Analysis from those testing sites shows the positivity rates among Hispanics to be roughly 17 percent. That dwarfs the positivity rates of whites and blacks, which hovered around 2 percent.  Dr. Avegno says COVID is hitting communities of color especially hard for several reasons.  She says those communities tend to live in multi-generational homes and are often frontline workers, which raises the risk of infection.

“They can’t work from home, it’s much more difficult for folks in the service industry, low wage jobs.  So, they’ve been working since March, and coming back to families who are also probably working and that puts them in a double bind,” said Dr. Avegno. 

The pandemic exacts a toll on people’s health but also on their livelihood.  This summer, the Archdiocese of New Orleans opened a food pantry at the Hispanic Apostolate campus in Metairie.  Miriam is grateful for the help.  She and her husband have been out of work. 

“They work in construction, and because of the pandemic she hasn’t been working because there are no jobs,” said Deacon Martin Gutierrez. 

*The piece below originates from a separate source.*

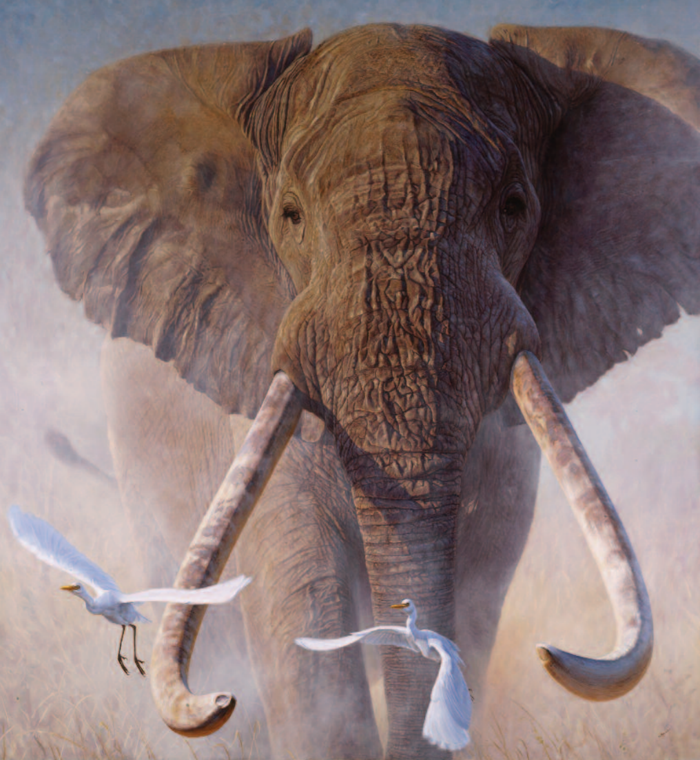
Valamikor tán' ilyen is volt! (Once Upon A Time)

Deacon Gutierrez translated for us.  He also the Chief Operating Officer of Catholic Charities in Archdiocese of New Orleans, which is trying to meet the need for aid from the Hispanic community, among others.   

“Economically is the biggest impact, but I do know of so many families who have lost loved ones to the virus,” said Deacon Gutierrez. 

Since opening the food pantry three months ago, it has served more than 1,200 families or 4,000 people.  While the positivity rates of COVID may be highest among Hispanics, thee scenes of people in need are playing out across the country, and across racial lines.  The pain from the pandemic is universally understood.